Now let’s add a third thread to our sample application that looks like this:

private static void Thread3()
{
Debug.Print(" Waiting for 10000 iterations");
autoEvent.WaitOne();
Debug.Print("Finally got the 10000 iterations");
}

This thread is entered on its Start() call and prints out the message that it is waiting for 10000 iterations and then enters a suspended state until the event triggers (becomes true). In the other threads we add a test after we increment:

if (s_IncCount >= 10000)
{
autoEvent.Set();
}

When the event is Set(), the third thread is unblocked and the scheduler will pick it up quickly since it hasn’t run in some time. Thread3 writes out its second message and then exits and the other threads continue as expected.
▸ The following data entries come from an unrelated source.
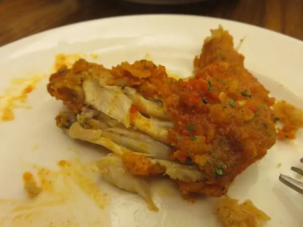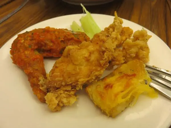 炸雞皮就稍微崩塌些,肉嫩但是外皮如更緊實會更好
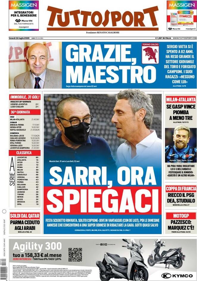 "Sarri, ora spiegaci". In apertura, l'edizione odierna di Tuttosport dedica spazio al ko di ieri dei bianconeri. Festa Scudetto rinviata. Solito copione: Juve in vantaggio (con De Ligt), poi le ennesime amnesie che consentono ad una super Udinese di ribaltare la gara. Gotti quasi salvo, alla Vecchia Signora servono tre punti per festeggiare il titolo.
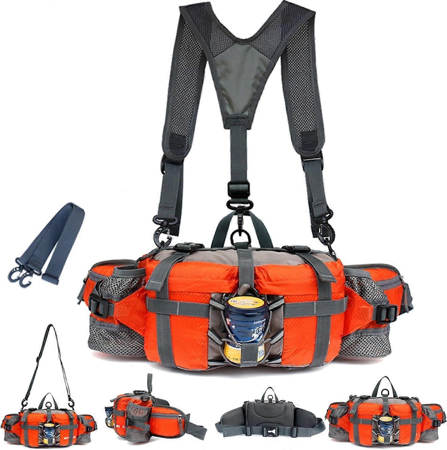 Ultralight Multifunctional Outdoor Waist Bag: Whether you are hiking, cycling, camping or walking, this waist bag can hold all your essentials. This bag has multiple pockets to keep your items organized and easy to access. This waist bag is 11 * 4.3 * 6 inches (L*W*H), the waist belt can be adjusted from 23 to 50 inches to ensure a comfortable fit for various body shapes, and the uniquely designed shoulder strap can reduce the pressure on the waist. It also comes with a long and fully adjustable shoulder strap, which can be used as a shoulder bag.Lightweight Multi-Pocket Design: Outdoor lightweight and practical waist bag, can carry enough water and equipment, perfect for mobile phones, keys, wallets, fitness gear, money. The double water bottle holder can accommodate water bottles with a diameter of 2.9 inches, two external front zipper pockets, two external side zipper pockets, which can keep your items separated and neatly stored, suitable for one-day hiking, camping, cycling, fishing, etc.Made of high-quality waterproof fabric: The hiking waist bag is made of breathable and wear-resistant waterproof nylon fabric, which is anti-friction and wear-resistant, and can effectively protect your belongings from raindrops and sweat. Thickened bag walls ensure that valuable items such as cameras and mobile phones will not be damaged during hiking adventure trips.Safety Features: This tactical bag is equipped with reflective strips for increased visibility. Whether you are hiking at night or cycling in low-light conditions, the reflective details ensure that you stay visible and safe, making it a great choice for outdoor adventures.Fashionable Color OptionsThis versatile waist bag is available in a variety of bright colors, including crimson, cool black, purple, military green, etc., allowing you to show your personal style. Choose from bold camouflage or bright tones to find the perfect match for your outdoor gear Features:Size: 11.22 x 4.33 x 5.9 In(28.5 x 11 x 15 cm);waist strap can be adjusted from range 60 to 125 cm;water bottle holder can accommodate a 3" (about 25 oz) bottleWaist fit: 24 x 50 In60 - 125cmBelt size:16.92 x 36.61 In43 - 93cm, width 3.8cmShoulder strap size: 27.55 x 51.96 In70 - 132cm, width 1.5 In3.8cmHigh-quality breathable mesh lumbar padding makes you comfort against your waist, 2 extra shoulders straps, 3 ways to carry (hip back style, using the shoulder strap, using the backpack straps).Specification:Material:nylonWeight: 1.2 lbColor: A: Black; B: Green; C: Deep green; D: Orange; E: purple; F: red; G: Deep Red; H: Dark blue; I: blue; G: CamouflagePackage Includes:- 1 x waist pack- 1 x shoulder strap- 1 x backpack strapNote:1.Please allow 1-2cm differs due to manual measurement.2.Due to the different display and different light, the picture may not show the actual color of the item. Thanks for your understanding.

The semantics of the AutoResetEvent class are that when set to false (unsignalled) it will block any thread calling the WaitOne() method on that event. Once the event is signaled by someone calling the Set() method on that event the AutoResetEvent unblocks the thread and then returns to the unsignalled state once again blocking. The MaunalResetEvent supports a slightly different set of behaviors. The ManualResetEvent also unblocks threads that have a WaitOne() call when the event is Set(). However, the ManualResetEvent does not automatically go back into an unsignalled state one it unblocks the thread. It stay in a signaled state until its Reset() is called. That means that all calls to WaitOne() return immediately.

 

Thread Synchronization with the Dispatcher

If you have created a graphical UI for your application using NETMF, then you actually have another thread that is created by the CLR – this is the Dispatcher thread that coordinates the access to all of the UI elements in a thread safe manner. The fact that you now have at least two threads means that you have to manage the access to anything that might be a shared resource. Since your UI logic is sharing the UI elements with the CLR created thread which is actually rendering them and there is no way to define a lock that the Dispatcher thread knows about, there is a different way to safely update the UI resources.
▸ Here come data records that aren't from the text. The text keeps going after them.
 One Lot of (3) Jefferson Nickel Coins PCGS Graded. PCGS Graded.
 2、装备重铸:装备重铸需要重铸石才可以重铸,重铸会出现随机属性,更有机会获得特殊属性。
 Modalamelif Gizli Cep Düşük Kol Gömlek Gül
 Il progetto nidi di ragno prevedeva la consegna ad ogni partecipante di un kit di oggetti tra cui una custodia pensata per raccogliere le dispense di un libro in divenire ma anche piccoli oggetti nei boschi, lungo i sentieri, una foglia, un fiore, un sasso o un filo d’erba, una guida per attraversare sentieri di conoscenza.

The way to synchronize the two threads is to not execute the code that interacts with the UI Elements on your thread but to execute it on the Dispatcher thread instead. To do this, you define a delegate that the Dispatcher will call back to, you implement the delegate, and you call Dispatcher.BeginInvoke when you want the Dispatcher to invoke your method. (There is also a Dispatcher.Invoke call that is synchronous so you need to define a maximum amount of time you will allow this call the wait for delegate to be called.) There is a previous blog on this topic specifically The Dispatcher and DispatchTimer called Using the Dispatcher.

 

Summary

This is a rather long blog but this is also a fairly complex subject. We have covered Interlocked, locks, MethodImplOptions, Monitors, Events, and (indirectly) synchronizing with the Dispatcher. Hopefully this is helpful.